Amnesty International further found that the Danish government has implemented privacy-intrusive legislation that allows UDK/ATP and municipalities to collect, merge, and process large quantities of personal data from residents and their household members without their consent, for the purposes of fraud control. The Udbetaling Danmark Act grants UDK the power to extract personal data and to carry out 'register mergers' of databases containing this data. Municipality control units also have access to federal and local government databases, the Alien Information Portal, income and tax databases, and can obtain 'purely private affairs and other confidential information' such as medical transcripts and financial records.
The system has attracted scrutiny regarding transparency and oversight. Amnesty International found a lack of adequate, independent oversight over UDK/ATP's data and algorithmic practices.
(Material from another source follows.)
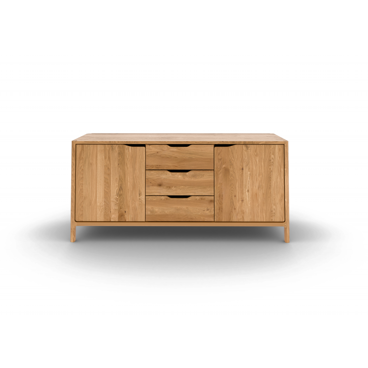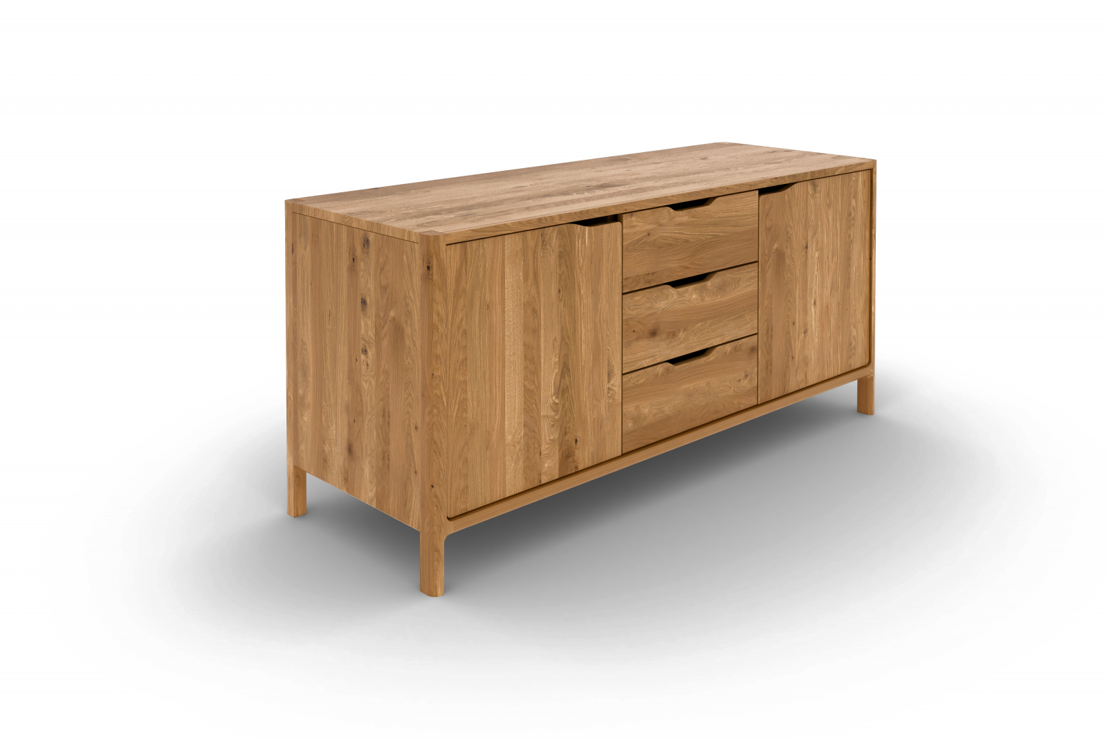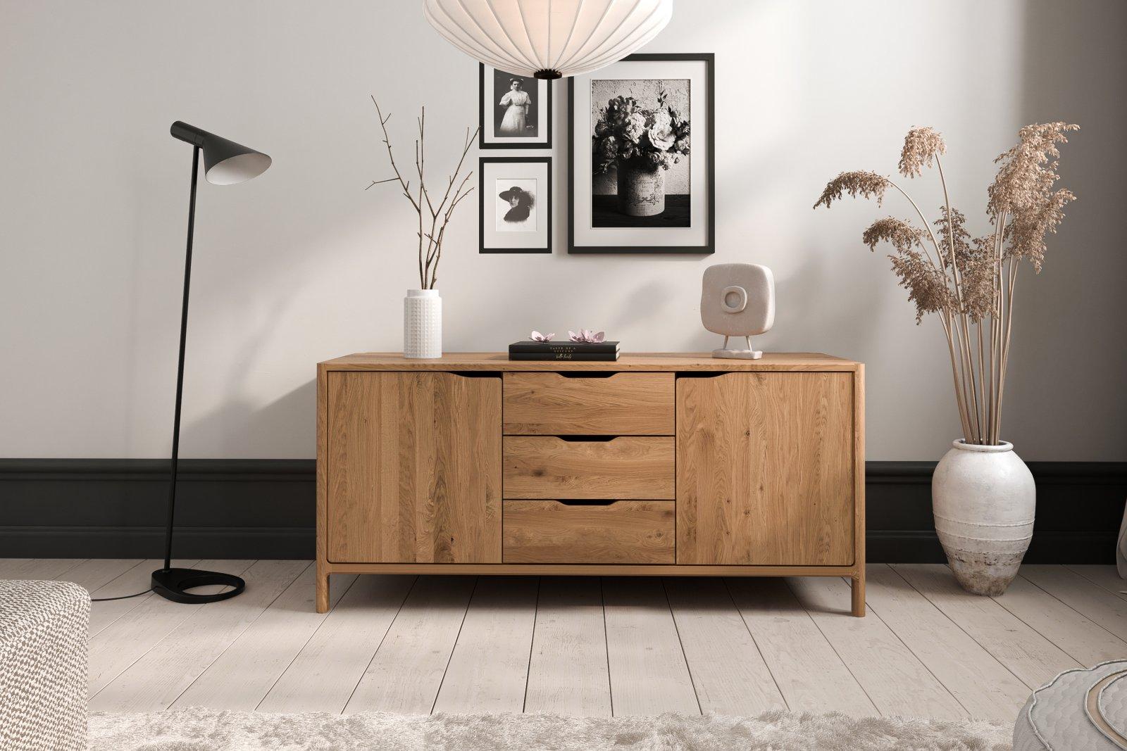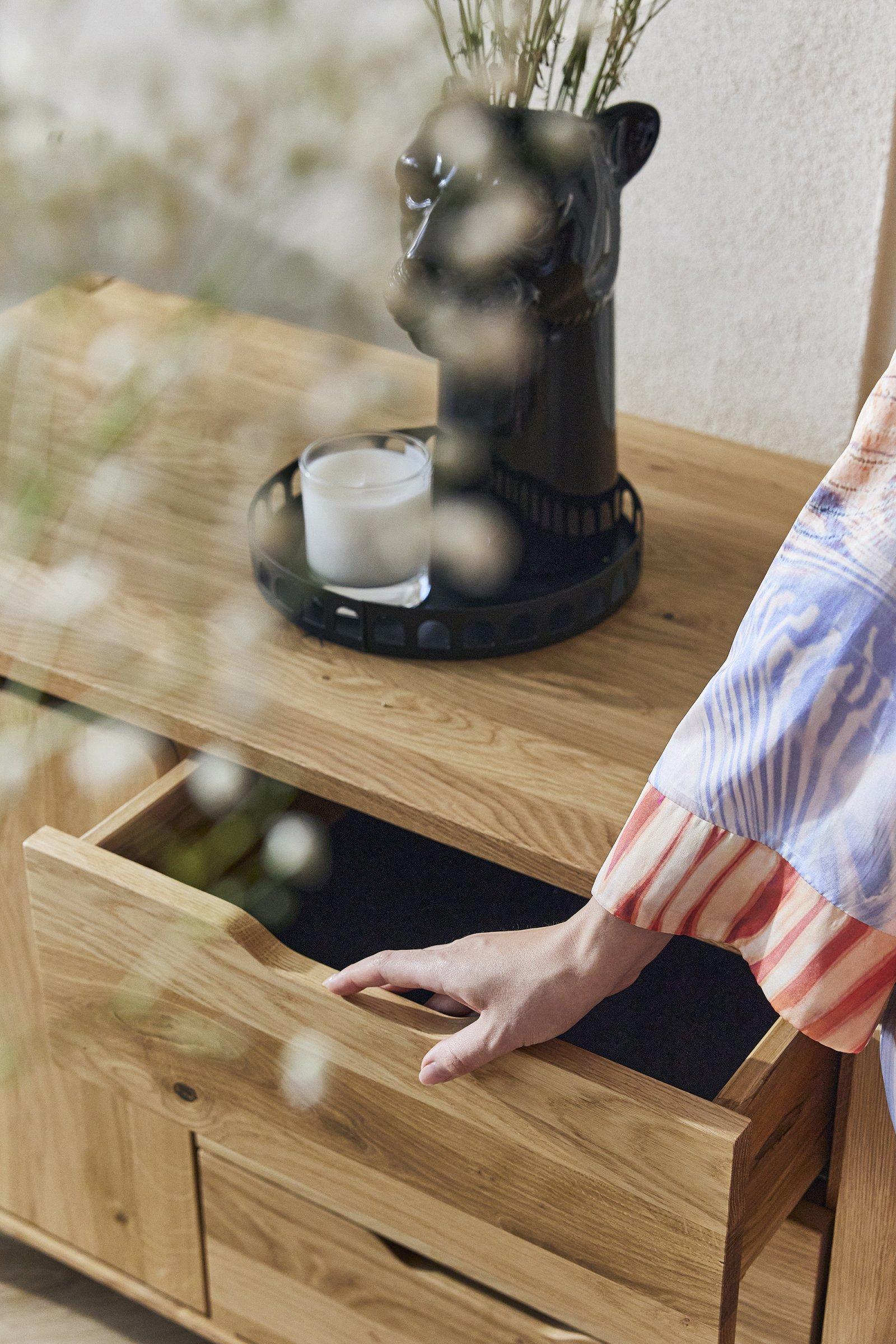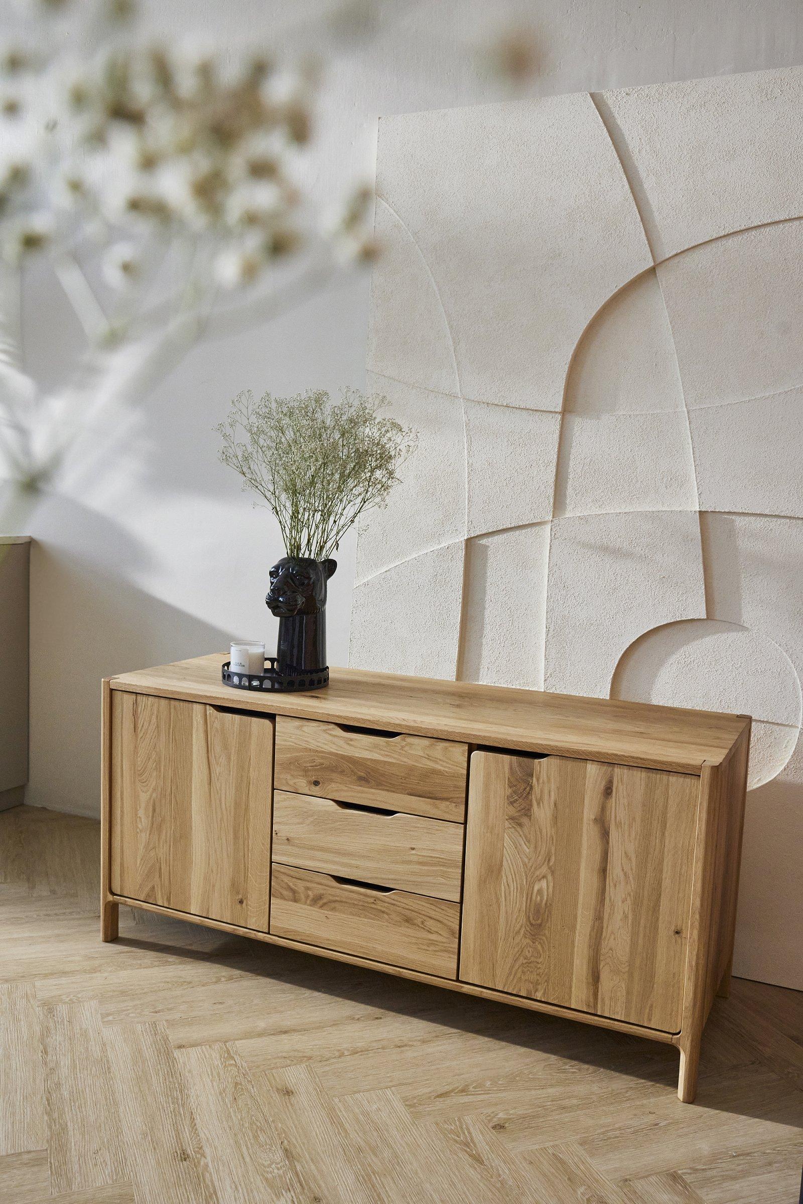 To dører og tre sentralt plasserte skuffer tilbyr masse oppbevaringsplass, mens formspråket er rolig og harmonisk. Laget i massivt, oliert tre hvor de synlige årene og den varme tonen i materialet gir en følelse av autentisitet.

ATP does not appear to conduct anti-bias or anti-discrimination training for its staff, publish data protection impact assessments, or conduct adequate audits of its fraud-control algorithms. The Danish Data Protection Authority has limited proactive investigatory powers over the system. Persons flagged for fraud investigation by UDK/ATP's algorithms are not informed that their case originated from an algorithmic decision, and the Public Administration Act does not mandate public authorities to provide this information, effectively preventing individuals from contesting the algorithmic decision-making process.
Amnesty International argues that UDK/ATP's fraud-control models may fall under the social scoring prohibition of Article 5(1)(c) of the EU Artificial Intelligence Act 2024, and recommends that the system be paused until a full assessment can be made. At the very minimum, the systems are classified as high-risk under Annex III of the EU AI Act, which covers AI systems used by public authorities to evaluate eligibility for essential public assistance benefits and services, subjecting them to transparency, risk management, and human oversight requirements that will apply from August 2030. The fraud detection and investigation process is subject to human-in-the-loop oversight in principle, with flagged cases reviewed by auditors and case officers at UDK and in municipalities before any benefit decisions are altered. However, Amnesty International notes potential gaps in the independence and effectiveness of this oversight, including risks of automation complacency among caseworkers.